Ummmm...how many of you guys working for someone want to own your own business???? Do you think you will find someone to be on call for you when your first starting out? You going to complain about pay when it's yours? 

Be glad for what ever way our compensated with being on call and the rotation. 365 days a year is not fun at all.


----------



## DesertOkie (Jul 15, 2011)

One week on out of four. Only paid on ticket, and I usually sit at the shop all day sat. so I won't lose a call(I live 45 min away). 

It is what it is, I was weekend ***** for the first 3 years I plumbed so it's no biggie. And I no longer care about sports, after the first year of seeing red after only getting calls during good games.


----------



## Unclog1776 (Feb 5, 2013)

I have two other guys who work for me and I am still on call after hours 24/7

I'm sure it will change one day but I love the money too much. 

As stated above if you guys ever want to go out on your own and offer service work get used to being on call

Sent from my iPhone using PlumbingZone


----------



## Marlin (Aug 14, 2008)

If someone wants me to be within a half hour of the office the entire week, have ready transportation to the office (can't travel with a group of people) that week, not have a drink that week, not go see family for holidays (some are several hours from the office), be ready to run out on dinner, a movie or anything else I'm doing to go into work that week you can pay me for that. 

That said I get paid a flat rate for being on call for the week. I wouldn't do it for free unless it was only every couple months, some other benefit outweighed it or I was desperate for work.


----------



## RW Plumbing (Aug 16, 2010)

Unclog1776 said:


> I have two other guys who work for me and I am still on call after hours 24/7
> 
> I'm sure it will change one day but I love the money too much.
> 
> ...


I'm on my own, and I don't offer on call. They can call someone else. I have boundary lines for family and personal life.
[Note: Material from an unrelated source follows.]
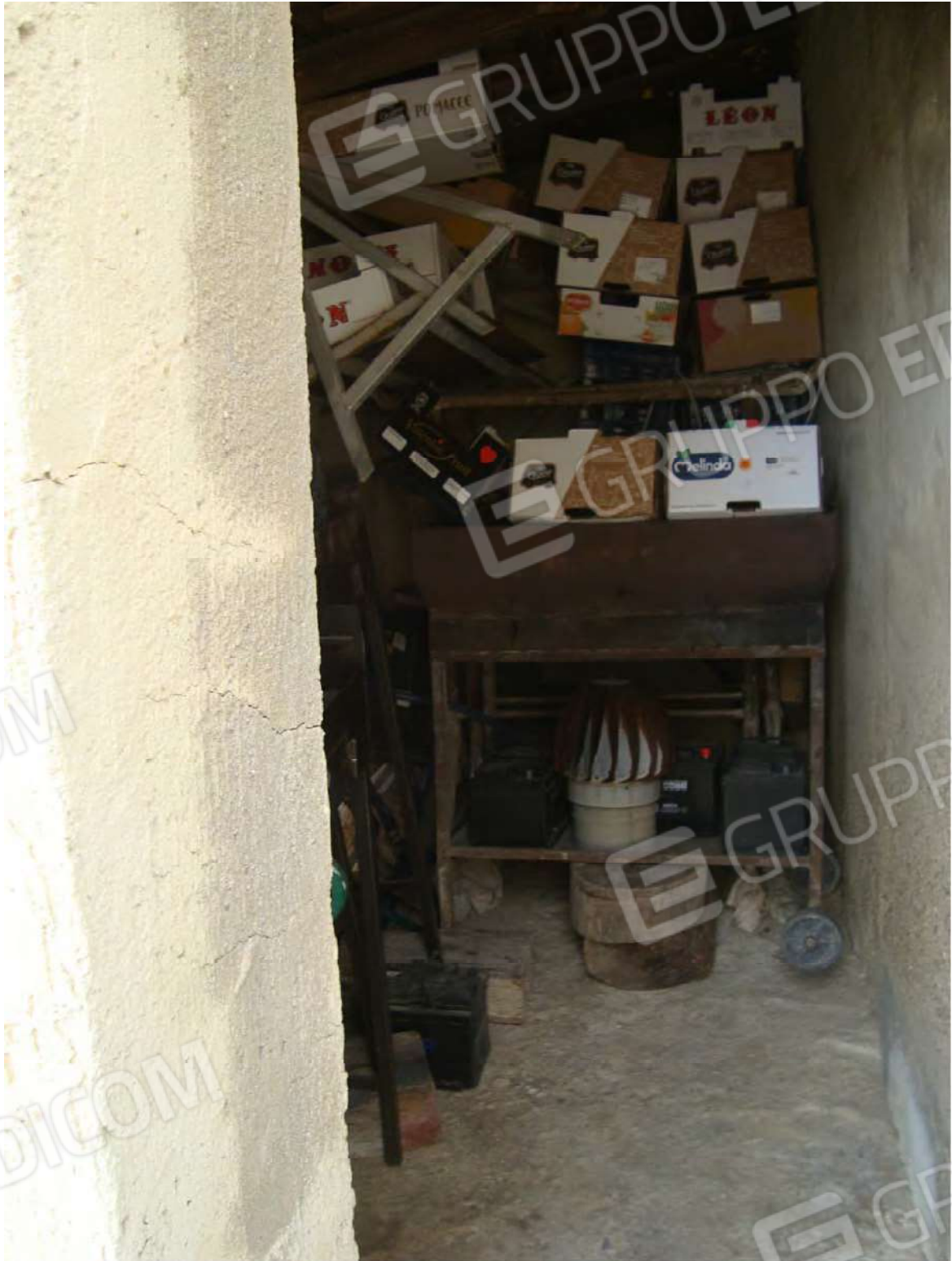
Vista rip. "1"

I need to do my own thing. No one wants to pay me enough to make that worth it. After hours work is just not profitable. Sure the bills are higher but if you figure the lost productivity the next day, and if you're up selling on jobs, you aren't going to do that in the middle of the night.


----------



## CaberTosser (Mar 7, 2013)

With our shop its 5 hours pay billed to the shop as 'stand-by' pay for the week; we're union plumbers and fridge mechanics and its in the collective maintenance agreement. Any work that comes in is also paid as time and a half or double time if applicable. Some people ask where this money is found; I know that some of it is built into the maintenance contracts we have, perhaps all of it is. The point is that we're available for our regular clients and the staff don't feel taken advantage of; all of our clients are regulars, as we don't have cold-calls coming in. All OT is dispatched by our contracted call centre who screen the calls and verify that the callers are clients, there's no random tire-kicking phone calls to contend with. I'm on-call this week, we do Friday through Thursday so that if there's a long weekend it doesn't inconvenience two techs. So far this week I've had one each day Friday, Saturday & Sunday but tonight has been quiet. Saturday was handy as the OT was at a Costco, and after I performed the repair and got a signature I busted out the shopping cart. It's nice when your shopping trip is 'subsidized'


----------



## redbeardplumber (Dec 4, 2012)

Like RW I have my own shop, and I do not do "on call" work. I am busy enough. That being said if I have work that needs to be done and I don't have any family commitments, friend commitments I may work the odd weekend.


----------



## RW Plumbing (Aug 16, 2010)

redbeardplumber said:


> Like RW I have my own shop, and I do not do "on call" work. I am busy enough. That being said if I have work that needs to be done and I don't have any family commitments, friend commitments I may work the odd weekend.


Sure, choosing to work the weekend to get caught up is way different than emergency calls


----------



## jmc12185 (Aug 27, 2013)

Whenever I get any after hours calls or "emergency calls", I just go do them myself. I find it to be much easier and less of a headache than trying to get one of my guys to be on call. Like someone else said, when its your business your on call 24/7 365 anyway. I definitely don't want to be paying someone for waiting for a call that may not even come that night

Sent from my iPhone using PlumbingZone


----------



## Kleinfelterj (Jan 23, 2012)

We get 75$ a day for the weekends weather we go on a call or not. (Non union shop)


----------



## wrenched (May 15, 2011)

We're on call every nine days or so, and paid from the time we start the van to the time we get home. Time and a half until 8pm, then double time until business hours. 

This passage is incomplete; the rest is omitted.